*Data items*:
========================

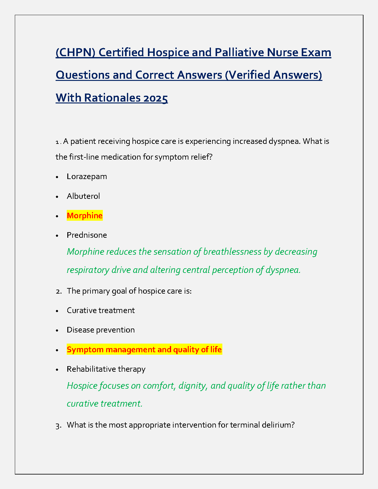 CHPN Certified Hospice and Palliative Nurse Exam Test Bank 2025: Verified Questions and Answers with In-Depth Rationales
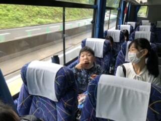 バスでは。今自己紹介が行われました。みんなしっかり、はっきり、修学旅行への気持ちを話しています。準備をして今日を迎えたのでしょう。うれしいです。
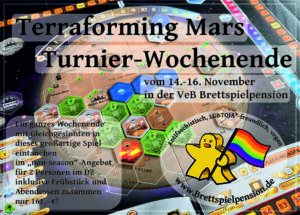 Terraforming Mars ist eines unser absoluten Lieblingsspiele und schon lange überlegen wir, wie es sich bewerkstelligen läßt, ein (trotzdem freundschaftliches!) Turnier zu veranstalten. Für eine 1-Tages-Veranstaltung ist die Spielzeit einer einzelnen Runde einfach zu lang. Nun ist es endlich so weit: geplant ist das Turnier über 3-4 Runden, die erste am Freitagabend nach dem Abendessen, und dann je nach Teilnehmerzahl und Möglichkeiten der Teilnehmenden 2-3 Runden am Samstag und das Finale dann entweder am Samstag Abend, oder wenn es allen passen sollte, nach Absprache, am Sonntag Vormittag (die Checkout-Zeit wäre in diesem Fall natürlich egal).
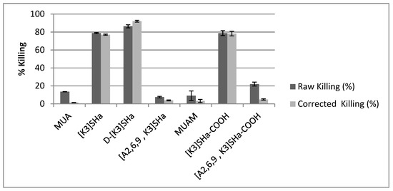However, electron microscopy does not constitute a direct proof of bacteria viability or death, and most importantly does not provide a quantification of the potential antibacterial efficiency of the modified surfaces. Conversely, bacteria were also cultivated on agar plate after having been in contact with the modified surfaces in order to count the actual number of viable bacterial colonies compared to bare gold surfaces. Results showing the %killing of the different grafted surfaces are summarized in Table 3, and are also presented in Figure 5 as dark bars under the label “raw killing”. At first glance, it is clear that there are three modified surfaces that exhibit high bactericidal efficiency with killing percentage around 80%, namely L- and D-[K3]SHa as well as [K3]SHa-COOH, which confirms what was observed by SEM-FEG. It is also worth noting that both anchoring primers (MUA and MUAM) show little bactericidal activity, around 13% and 9% respectively. Although, the surface modified with [A2,6,9, K3]SHa reveals only 7% of killing, as expected from the MIC/MBC values presented in Table 1, it is more unexpected to see the [A2,6,9, K3]SHa-COOH modified surface displaying a killing activity superior to 20% (Table 4).
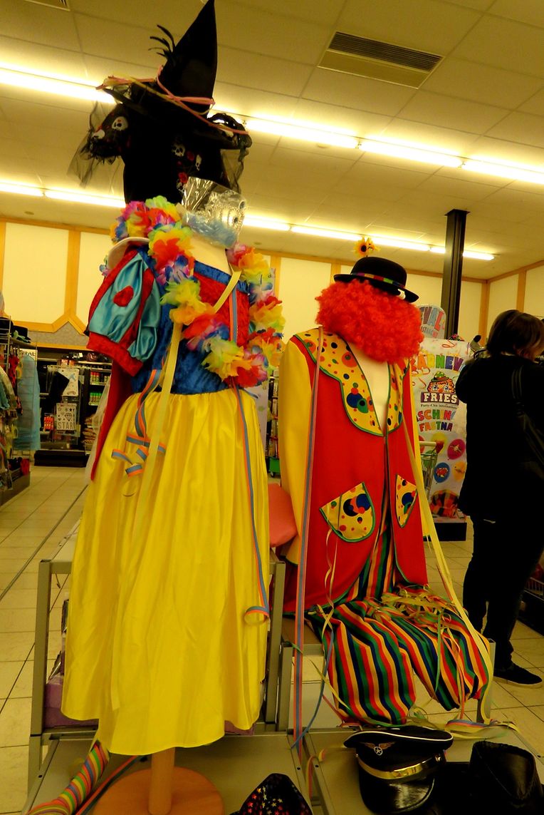 An de Geschäfter kann een ët gesinn: Geschwënn ass Fuesend. Regaler voll Kostümer, Hitt (vum einfache Sombrero bis zum elegante Borsalino mat Goldstéckereien) , Masken, "gëlle" Krounen an Diadeemer, Schminkartikelen, Krawatten, Brëller, Fuesbännecher, Konfetti, Waffen, Juxspray an .. an .. an ... . Grouss a Kleng wäerten ët nit liicht hunn, sëch z'entscheeden. De Portemonni wäerd mussen dru gleewen, mee schliesslech ass nëmmen eemol Fuesend am Jor. Da lass!
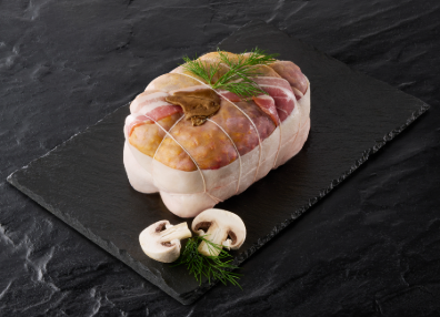 - Fait à la main, formé à partir d'un demi chapon de pintade désossé et d'une farce aux champignons forestiers.
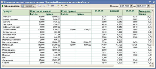 Документом формируются проводки по списанию продуктов питания со склада согласно нормам расхода (рецептурам) с учетом количества питающихся и состава готовых блюд меню;
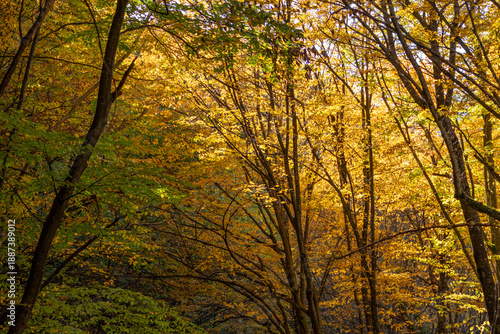 Fototapeta premium Autumn forest foliage vibrant golden leaves illuminate sunlit fall nature

========================

*ASSIGNED TASK*:
Your task is to retype the records above in full and exactly, omitting the pictures.

*WRITTEN RESPONSE*:
 CHPN Certified Hospice and Palliative Nurse Exam Test Bank 2025: Verified Questions and Answers with In-Depth Rationales
 バスでは。今自己紹介が行われました。みんなしっかり、はっきり、修学旅行への気持ちを話しています。準備をして今日を迎えたのでしょう。うれしいです。
 Terraforming Mars ist eines unser absoluten Lieblingsspiele und schon lange überlegen wir, wie es sich bewerkstelligen läßt, ein (trotzdem freundschaftliches!) Turnier zu veranstalten. Für eine 1-Tages-Veranstaltung ist die Spielzeit einer einzelnen Runde einfach zu lang. Nun ist es endlich so weit: geplant ist das Turnier über 3-4 Runden, die erste am Freitagabend nach dem Abendessen, und dann je nach Teilnehmerzahl und Möglichkeiten der Teilnehmenden 2-3 Runden am Samstag und das Finale dann entweder am Samstag Abend, oder wenn es allen passen sollte, nach Absprache, am Sonntag Vormittag (die Checkout-Zeit wäre in diesem Fall natürlich egal).
However, electron microscopy does not constitute a direct proof of bacteria viability or death, and most importantly does not provide a quantification of the potential antibacterial efficiency of the modified surfaces. Conversely, bacteria were also cultivated on agar plate after having been in contact with the modified surfaces in order to count the actual number of viable bacterial colonies compared to bare gold surfaces. Results showing the %killing of the different grafted surfaces are summarized in Table 3, and are also presented in Figure 5 as dark bars under the label “raw killing”. At first glance, it is clear that there are three modified surfaces that exhibit high bactericidal efficiency with killing percentage around 80%, namely L- and D-[K3]SHa as well as [K3]SHa-COOH, which confirms what was observed by SEM-FEG. It is also worth noting that both anchoring primers (MUA and MUAM) show little bactericidal activity, around 13% and 9% respectively. Although, the surface modified with [A2,6,9, K3]SHa reveals only 7% of killing, as expected from the MIC/MBC values presented in Table 1, it is more unexpected to see the [A2,6,9, K3]SHa-COOH modified surface displaying a killing activity superior to 20% (Table 4).
 An de Geschäfter kann een ët gesinn: Geschwënn ass Fuesend. Regaler voll Kostümer, Hitt (vum einfache Sombrero bis zum elegante Borsalino mat Goldstéckereien) , Masken, "gëlle" Krounen an Diadeemer, Schminkartikelen, Krawatten, Brëller, Fuesbännecher, Konfetti, Waffen, Juxspray an .. an .. an ... . Grouss a Kleng wäerten ët nit liicht hunn, sëch z'entscheeden. De Portemonni wäerd mussen dru gleewen, mee schliesslech ass nëmmen eemol Fuesend am Jor. Da lass!
 - Fait à la main, formé à partir d'un demi chapon de pintade désossé et d'une farce aux champignons forestiers.
 Документом формируются проводки по списанию продуктов питания со склада согласно нормам расхода (рецептурам) с учетом количества питающихся и состава готовых блюд меню;
 Fototapeta premium Autumn forest foliage vibrant golden leaves illuminate sunlit fall nature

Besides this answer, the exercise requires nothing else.